No intuito de resguardar ao máximo as cooperativas de trabalho de eventuais ações trabalhistas, sugerimos os seguintes procedimentos: 

Realizar um curso básico de cooperativismo para todos os cooperantes, mediante certificado de participação, registrando o evento em fotos, onde possa ser identificado cada um dos participantes, com o equipamento de segurança exigido para a respectiva profissão (função), se for o caso.

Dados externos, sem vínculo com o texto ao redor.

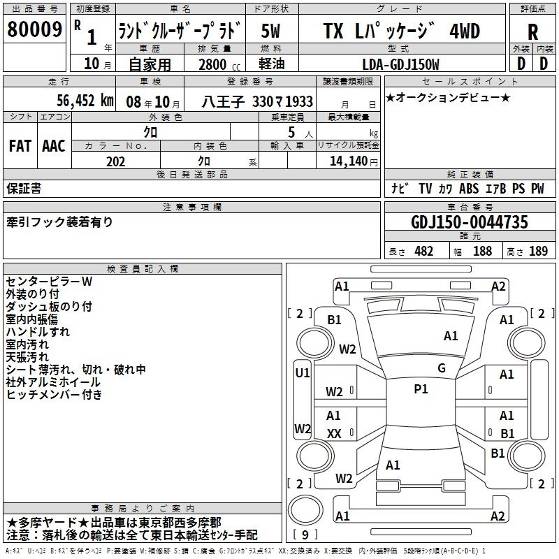 TX CBA-TRJ150W 2TR-FE Full-time 4WD 6AT 2693cc 163ps(120kW)/5200rpm AИ-92 3 603 600
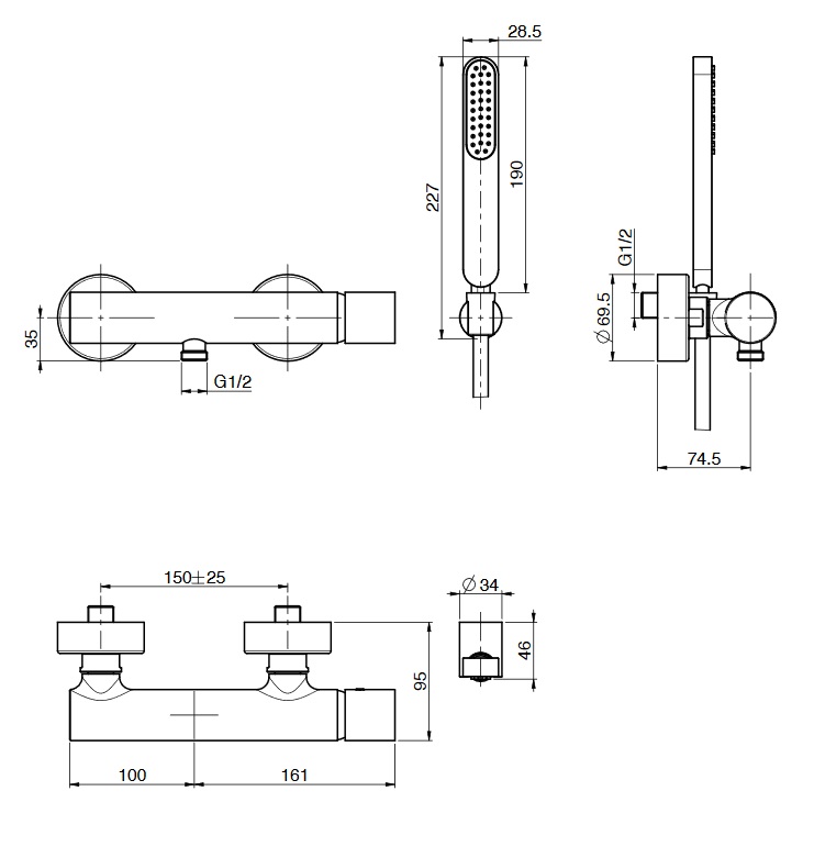 Carlo Frattini Nomos Go Bateria natryskowa z zestawem natryskowym Chrom F4165CR
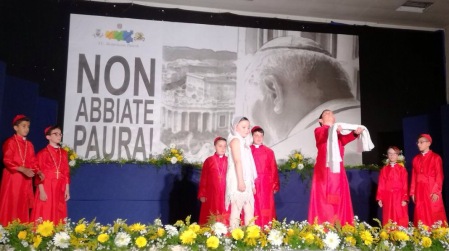 «Non abbiate paura!» racconta le tappe principali della straordinaria vita di Wojtyla. Il linguaggio scelto è quello della semplicità: dall’amore per il teatro al seminario durante l’occupazione nazista, dalla nomina ad arcivescovo di Cracovia alla carriera in Vaticano, fino alla sua elezione a papa, tutto viene raccontato in modo diretto e spettacolare grazie alla scenografia che ha creato un’atmosfera suggestiva, al ruolo preponderante della musica (Ave Maria di Gounod, Volesse il cielo di Mia Martini, Only Time di Enya e tante tante altre), al lavoro attento delle Docenti Teresa Ielo, Rosa Saccà, Maria Greco, Domenica Asciutto, Chiara Chindamo, Pina Gentile e Raffaella Barresi e, naturalmente, alla bravura del cast: ingredienti necessari per uno spettacolo che dosa con equilibrio il sentimento e il rigore del messaggio, affinché la figura del papa venga resa con verità e rispetto. E allora se da un lato si sottolinea quanto i rapporti umani abbiano significato per Wojtyla, dall’altro si lascia spazio all’amore per la Vergine Maria con il suo motto apostolico “totus tuus”.
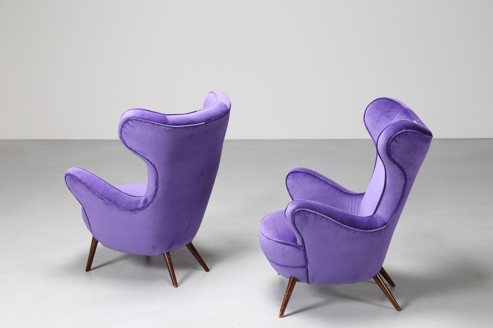 MALCHIODI PAOLO Coppia poltrone legno e velluto, 1950 Bib. Esempi di arredamento moderno di R. Aloi, ed. Ulrico Hoepli MI fig. 194 . Tessuto e legno. Cm 70,00 x 94,00 x 74,00. anni 50
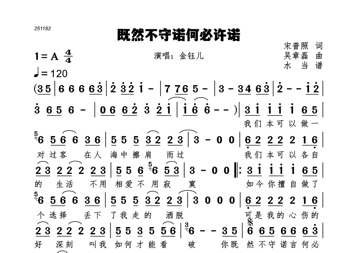 《既然不守诺何必许诺》是金钰儿演唱的一首歌曲,拍号为4/4拍,歌曲速度为每分钟120拍,这份简谱共有一张高清图谱,图谱由 @水当 编配上传。
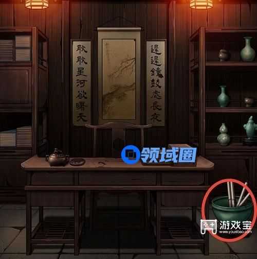 13、将玉净瓶和柳枝(左厢房得到)放在菩萨的手上,打开右边的门,进入书房,点击红圈得到线索
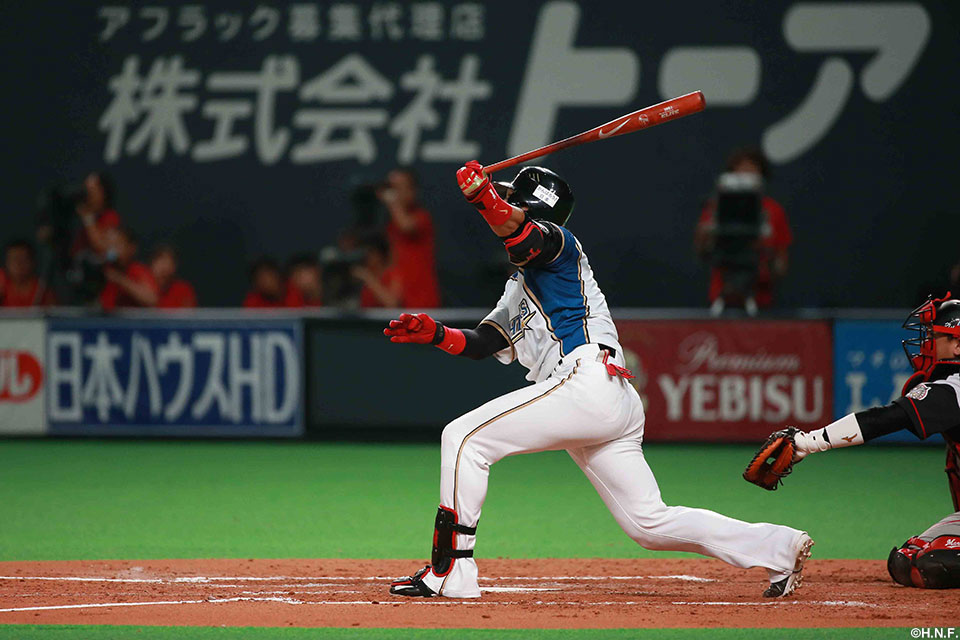 4番 中田 四球 外角の変化球を見送りフォアボール。ロッテ、満塁のピンチをまねく 満塁 |
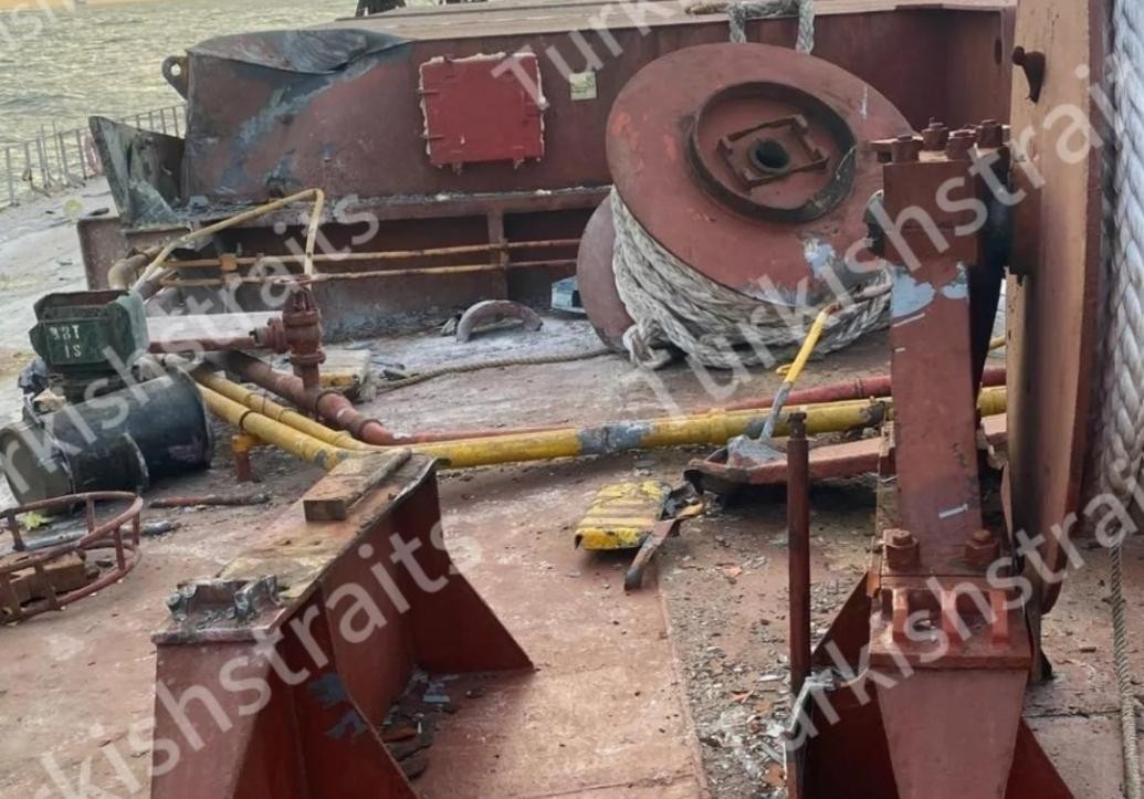 系泊链设备也扭曲断裂,耷拉在一旁,甲板上散落着各种杂物,一片狼藉。

Solicitar que o cooperante assine uma declaração de que optou livremente em participar da cooperativa, consciente dos seus direitos e deveres. (A OCB elaborou um modelo de declaração, cuja transcrição está mais adiante).

Preencher a Ficha de Matrícula do Cooperante, com a assinatura dele e de mais duas testemunhas.

Publicar o Edital de Convocação das Assembleias Gerais em jornais de circulação na área de ação da cooperativa e incentivar o quadro social a delas participar, registrando a participação no Livro de Presenças e também em fotos.

Observar os requisitos estipulados na Lei 12.690/2012.

Proceder ao Rateio das Sobras e constar esse fato em ata.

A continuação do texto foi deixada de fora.